How a Compiler Project Became a $900M Startup
Most startups are born from frustration. OctoAI was born from a PhD thesis. When Tianqi Chen - one of the most cited names in applied machine learning - developed Apache TVM as a graduate student at UW, he wasn't thinking about venture capital. He was thinking about how absurd it was that the same model would run dramatically slower on one chip than another, for no good reason a programmer could easily fix.
TVM was the fix. A compiler that could take a trained model and optimize it for whatever hardware you happened to be running - NVIDIA GPUs, AMD chips, AWS Inferentia, embedded processors. The open-source community adopted it fast. And then, in 2019, Chen and four colleagues - including UW professor Luis Ceze, who would become CEO - decided the technology deserved a company around it.

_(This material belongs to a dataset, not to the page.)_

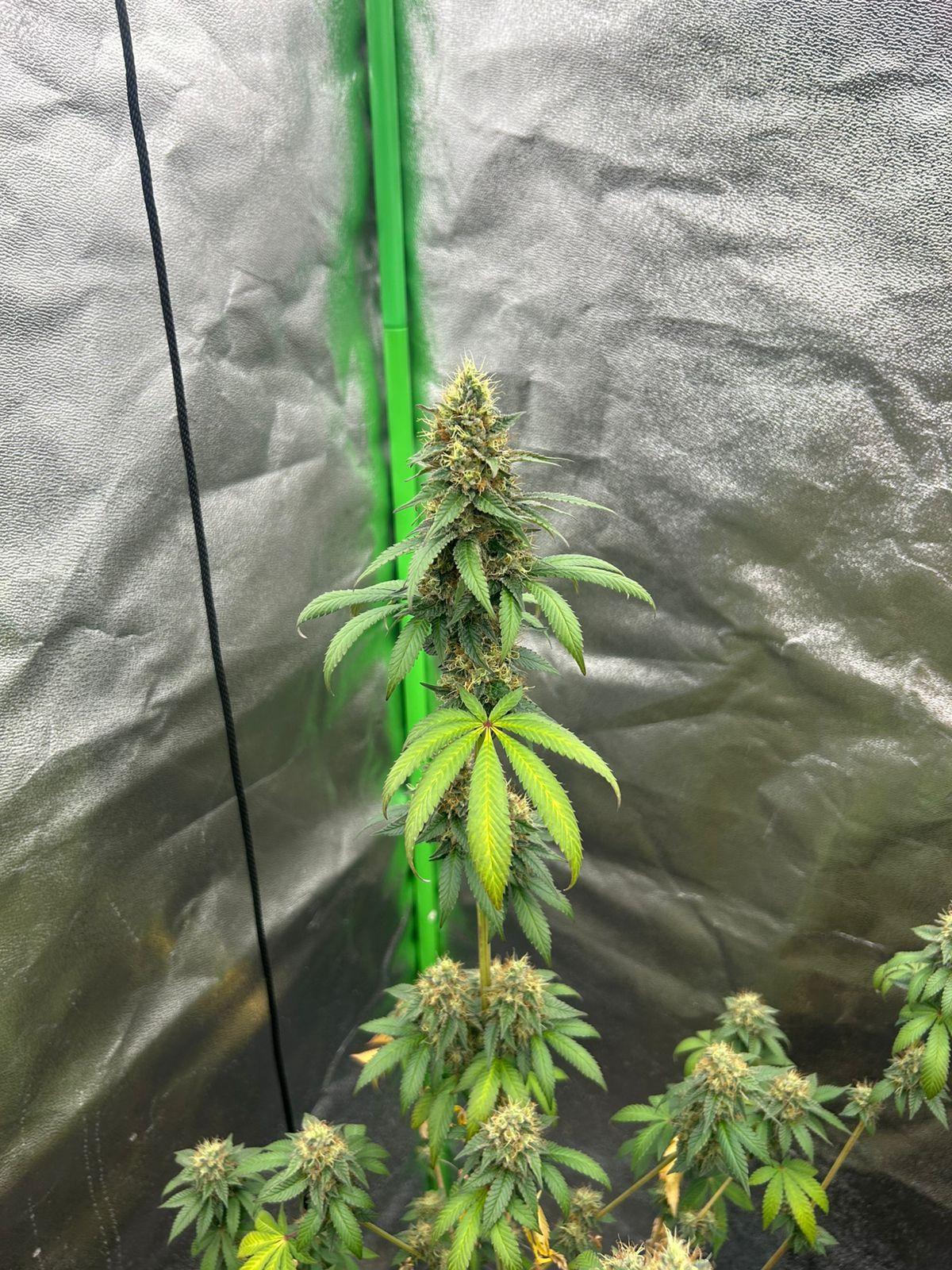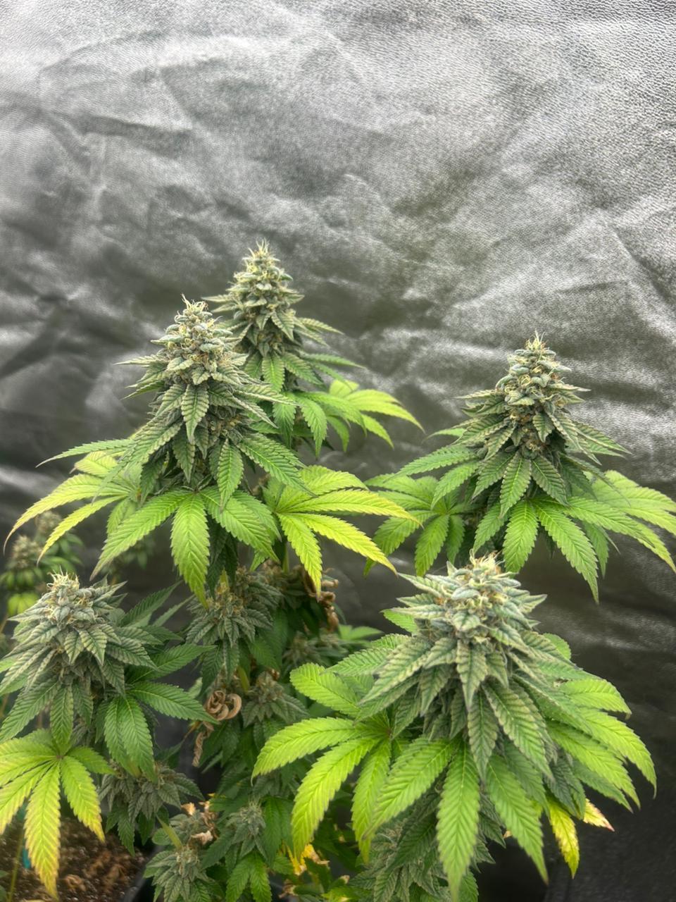 GELATO #45™ is a perfect example and execution of selective breeding from the Barney’s Farm lab. GELATO #45™ parents Sunset Sherbert and Thin Mint Girl Scout Cookies provided, after selection a beautifully balanced 60% Indica hybrid, a perfect choice for growers with all levels of experience, extremely forgiving but also very versatile for a wide range of growing techniques. GELATO #45™ has an extraordinary, unique flavour and contrasting aroma profile with subtle hints of earthy pines, flowers and skunky notes of citrus, while the deliciously sweet aromas resemble mint-chocolate ice cream and fruity sweet berries Gelato #45 is a strong robust plant reaching 100-120cm indoors given the time to grow with a flowering time of just 70days. Outdoors she can grow easily up to 2-2.5m reaching maturity by the start of October. Dark vibrant shades of lime and olive-green large fan leaves evolve during its growth then in the right hands with the final stages of flowering a spectacular array of colours emerge. With a backdrop beautiful contrasting leaves displaying deep purples, with fading reds and orange tints. Densely compacted orbital shaped buds continually swelling in size, covered deep purple sugar leaves are gradually engulfed in the swollen lime green resin glands covered with bright amber pistils and golden coating of sticky resinous trichomes as she matures.

OctoML's first years were focused on the nuts-and-bolts of ML deployment: helping enterprises get their computer vision and NLP models running faster and cheaper, without the months of hand-optimization that used to require a dedicated infrastructure team. The pitch was "we do for ML what compilers do for software" - and it landed well enough to attract Amplify Partners, Addition, Madrona, and eventually Tiger Global.
Then the generative AI wave hit, and everything changed. In 2023, OctoML reoriented almost entirely around large language models and image generation. The company rebranded as OctoAI in January 2024 and launched a cloud inference platform that gave developers API access to Llama, Mistral, Stable Diffusion SDXL, and others - at prices and speeds the large cloud providers weren't yet matching.
The timing was sharp. Within roughly 10 months of launch, the platform had attracted 25,000+ developers and over 100 paying businesses. In April 2024, OctoAI launched OctoStack - its enterprise private deployment product - claiming 4x better GPU utilization and roughly half the operating cost of a self-managed setup. It was the company's most ambitious swing: a complete AI inference stack that enterprises could deploy in their own cloud or on-premises, with support for NVIDIA, AMD, and AWS Inferentia hardware.
Then NVIDIA came calling. In September 2024, the chip giant acquired OctoAI - its fifth acquisition of that year. The reported price of $165M-$250M was a notable step down from the 2021 peak valuation of ~$900M. CEO Luis Ceze moved to NVIDIA as VP of AI Systems Software. Services wound down for customers on October 31, 2024, and the octoml.ai domain began redirecting to nvidia.com.
Whether the exit counts as a win depends on your frame of reference. By venture math - late-stage valuation versus exit price - it was a down-round. By the standard of "five academics built a real product, served tens of thousands of developers, and got absorbed by one of the most consequential companies in tech" - it looks rather different.